Growth factors can protect B-chronic lymphocytic leukaemia cells against programmed cell death without stimulating proliferation.

The proliferation and survival of B-chronic lymphocytic leukaemia (B-CLL) cells may be regulated by autocrine growth factor loops. Furthermore, it has been suggested the reduction in lymphocytosis following therapy with interferon-alpha may be associated with the interruption of autocrine growth factor production. We have therefore examined the effects of a number of cytokines on the proliferation of B-CLL cells, and also on the regulation of programmed cell death, and the role of interferon-alpha in these systems.
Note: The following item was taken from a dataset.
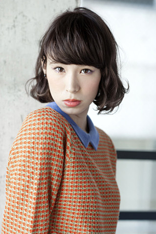 パーマの力を借りて、毛先をふわふわさせればたちまちボブも甘口のスタイルに。
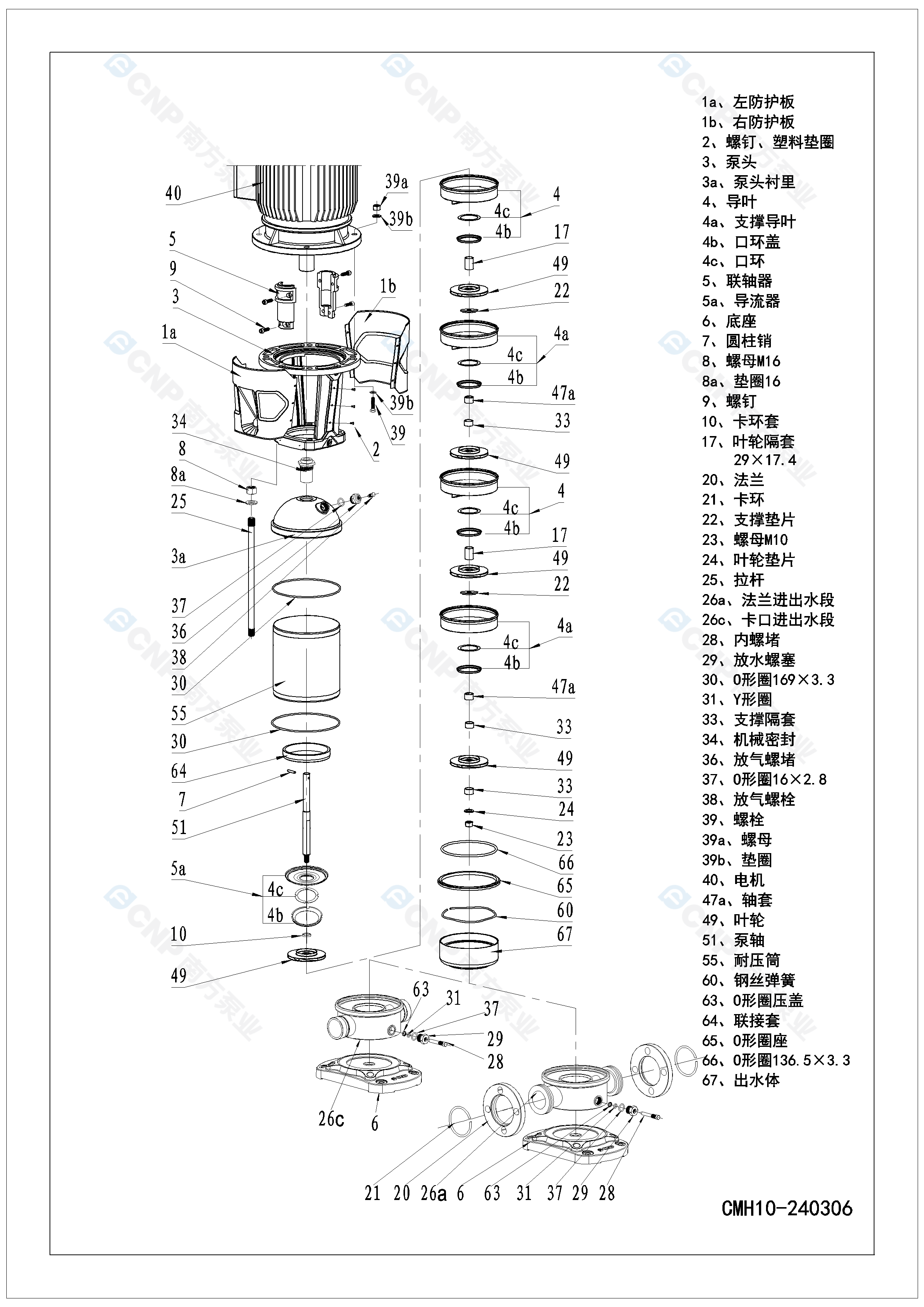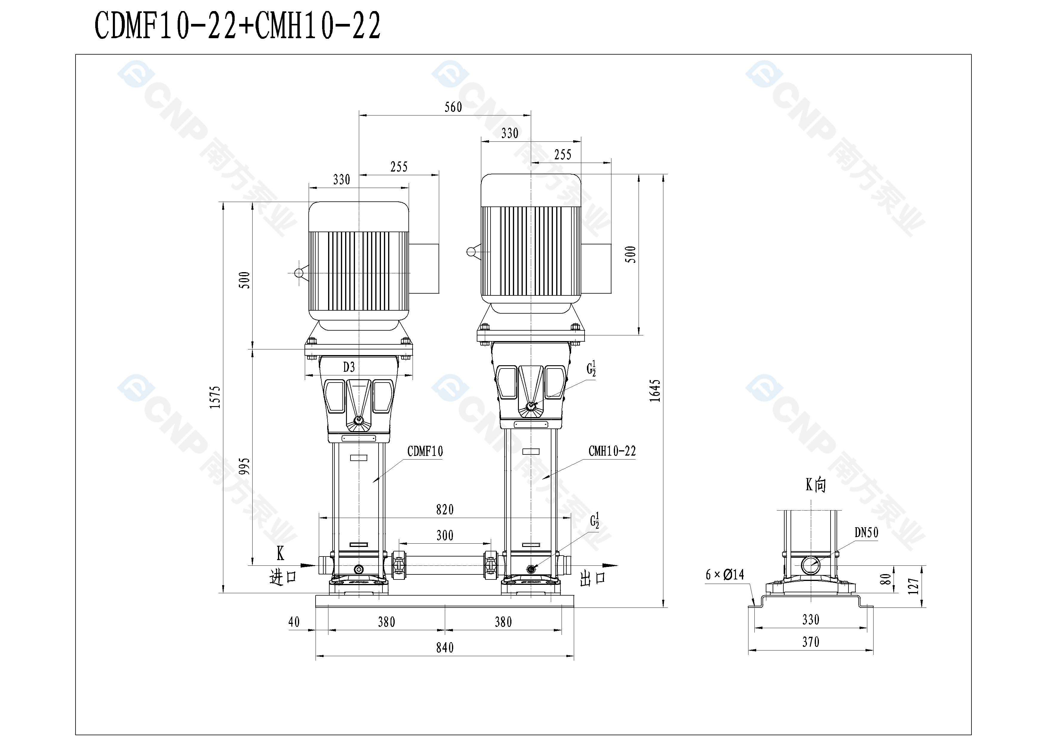 南方泵業CDMF10-22+CMH10-22水泵明細參數

In the ten patients studied, neither interferon-alpha alone or together with either interferon-gamma, IL1, IL4, IL6, TNF, or serum containing high levels of soluble CD23 was able to induce proliferation of B-CLL cells. Incubation with TPA or IL2 resulted in variable proliferative responses. Co-incubation with interferon-alpha enhanced TPA-induced proliferation in 4 cases, but reduced IL2-induced proliferation in all cases studied. In contrast, all the cytokines studied were able to protect B-CLL cells against programmed cell death, both spontaneous and that induced by hydrocortisone, with the exception of TNF. These data suggest a role for interferon-alpha in disrupting autocrine survival pathways rather than inhibiting proliferation.